To explain this simply, let's say I bind a form to a table with Items - very simply, my data source for the form is "select * from Items". BUT my item table has 5,432,212 items in it. To make things worse, the database is on a remote server on the other side of the USA. Well, it could take a while for that form to populate because I'm potentially grabbing 5 million records every time I open the form and waiting for them to arrive via HTTP across multiple networks.

Let's say instead I want to show only the records for items that were shipped yesterday. To really optimize this, I use a stored procedure in SQL Server that is located on the remote server. The form is bound to the results of the stored procedure. Now instead of 5,000,000+ items I am only interested in the 5,454 that shipped yesterday and my form has much fewer records to display -- 3 orders of magnitude fewer. So it should be a much more efficient form.

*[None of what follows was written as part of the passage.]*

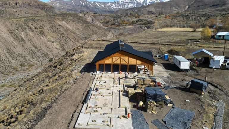 La hostería que el gobierno provincial construye con tecnología de la Corporación Forestal Neuquina (Corfone) en la localidad de Los Miches"se estaría terminando entre mayo y junio", anunció este viernes el gobernador Omar Gutiérrez durante una recorrida por la obra.

That's what I mean by not looking at every record in the database. If you can look at a small subset of records from what would otherwise be an extremely large set of records, then you should get improved performance, especially when working with remote servers rather than locally stored data on your own pc.

In short, you want to grab only the data you need, and avoid grabbing a lot of data that you don't need.

Note that in this particular case, if you could limit your query(s) to results for one job, and of course use those job numbers and related primary keys and foreign keys for that job only, then it should be faster than a query that has to make calculations on many jobs.